# Auto Stop Start - the BMW official way



## wiggis (Jul 20, 2014)

So after much consideration, I changed the FA on my car to include 6NS and OMSA ...

For anyone else who wants to try it, the OMSA needs to be added to the HO-Wort's inside the FA editor, rather than in the SALAPA elements. Just right-click on HO-Wort and select 'New' and then add 'OMSA'. When you then calculate FP, it shows up in the FP as an 'Aftermarket Fitment'. The function is then to enable the MSA_MEMORY inside FEM_BODY when you VO Code that module.

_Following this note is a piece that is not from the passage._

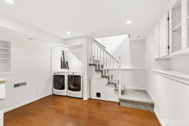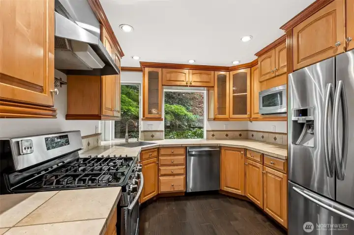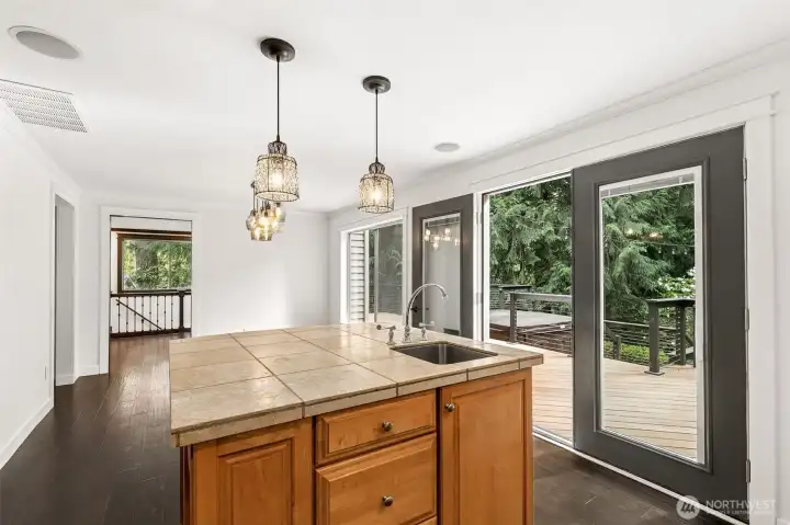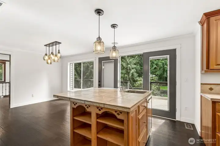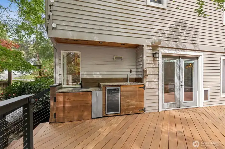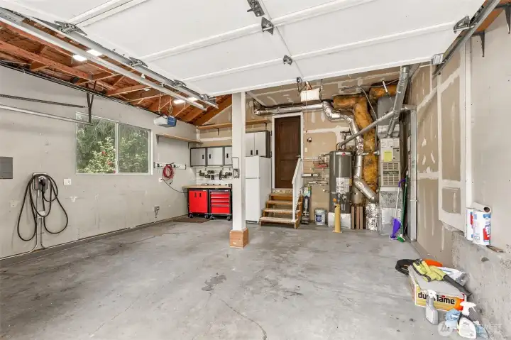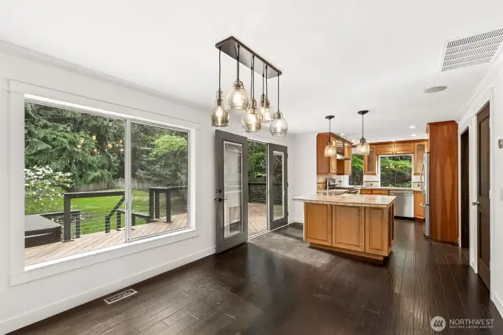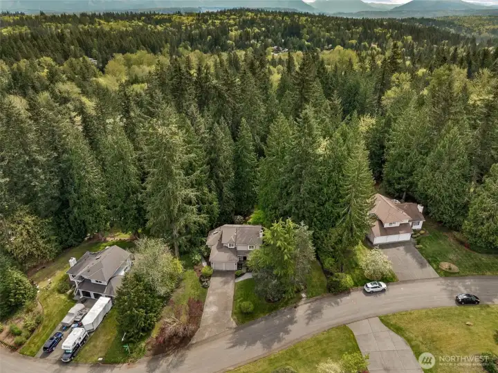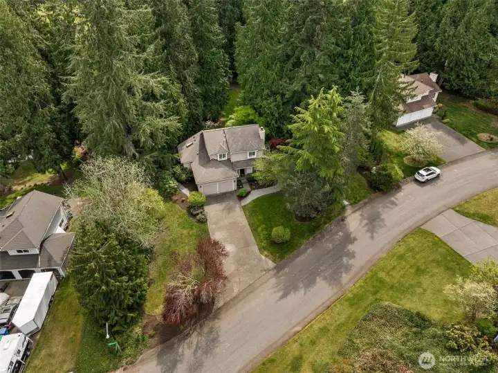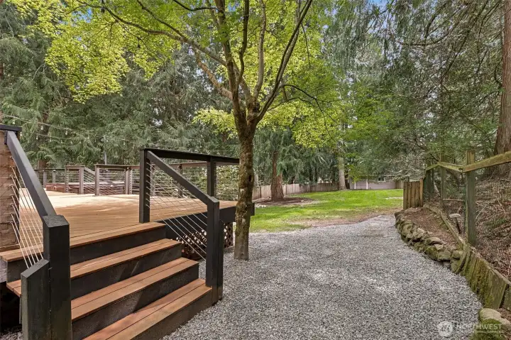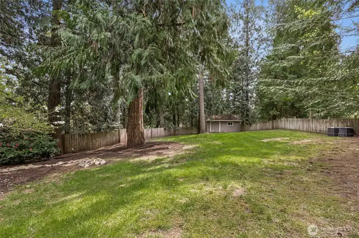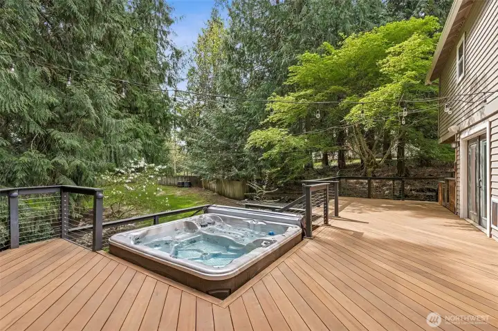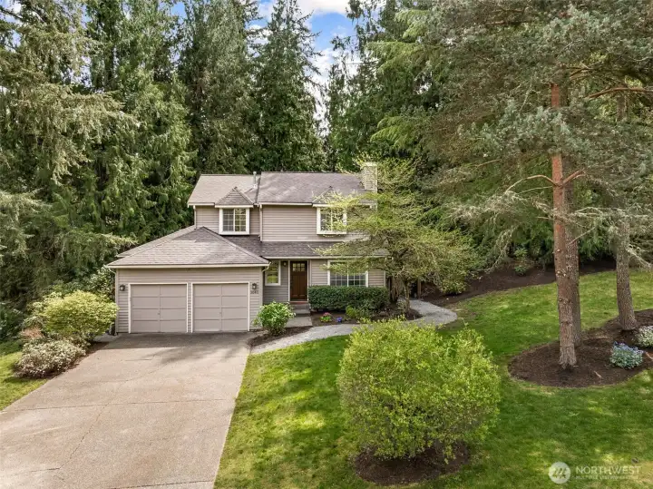 Enjoy the peace and privacy of this beautiful 29,970 square foot private lot, perfectly nestled in a serene, wooded setting. Ideally located just 10 mins from DT Redmond & Hwy 520, this home offers the rare combination of tranquil retreat living w/ unbeatable urban convenience. This warm & inviting LR centered around a cozy fireplace is the perfect spot to unwind. The open kitchen & dining areas are flooded w/ sweeping views of nature, creating an effortlessly cheerful everyday living space. The open-concept kitchen features SS appliances & a large prep island, ideal for cooking & entertaining alike. Fresh interior paint and beautiful engineered HW flooring flow throughout the entire main flr. A comfortable family rm off the kitchen adds even more flexibility, while the fully finished basement has the laundry room and a space for a home office, craft room, workout space, or ultimate game room. Upstairs, the spacious primary bedroom boasts a huge walk-in closet & a beautifully updated en suite bath. Two additional bedrooms complete the upper level. Outside, your private backyard oasis awaits. The entertainment-sized deck features a relaxing hot tub and a stylish outdoor wet bar, all overlooking a large, fully fenced, wooded lot as your own personal escape. The powered backyard shed adds valuable storage and utility. Add'l highlights include indoor & outdoor speakers, an EV charger, generator hookup, a 2-car garage, & a long driveway w/ ample parking for everyone.

I'm hopeful that by adding OMSA to the vehicle order, that it will survive dealership visits 

Somehow, doing this 'The way BMW would have done it' makes me happier than FDL coding the individual module.


----------



## ap90500 (Oct 23, 2013)

wiggis said:


> I'm hopeful that by adding OMSA to the vehicle order, that it will survive dealership visits


It will, but it also allows dealer to see that the car has been coded by an indie.


----------



## wiggis (Jul 20, 2014)

I suppose it would, yes. From everything I've been told, they generally won't look and won't care unless they run into coding problems when you visit them - which is unlikely. On the OMSA thing, how would they know that it was not another BMW dealership that made the change?


----------



## ap90500 (Oct 23, 2013)

wiggis said:


> I suppose it would, yes. From everything I've been told, they generally won't look and won't care unless they run into coding problems when you visit them - which is unlikely. On the OMSA thing, how would they know that it was not another BMW dealership that made the change?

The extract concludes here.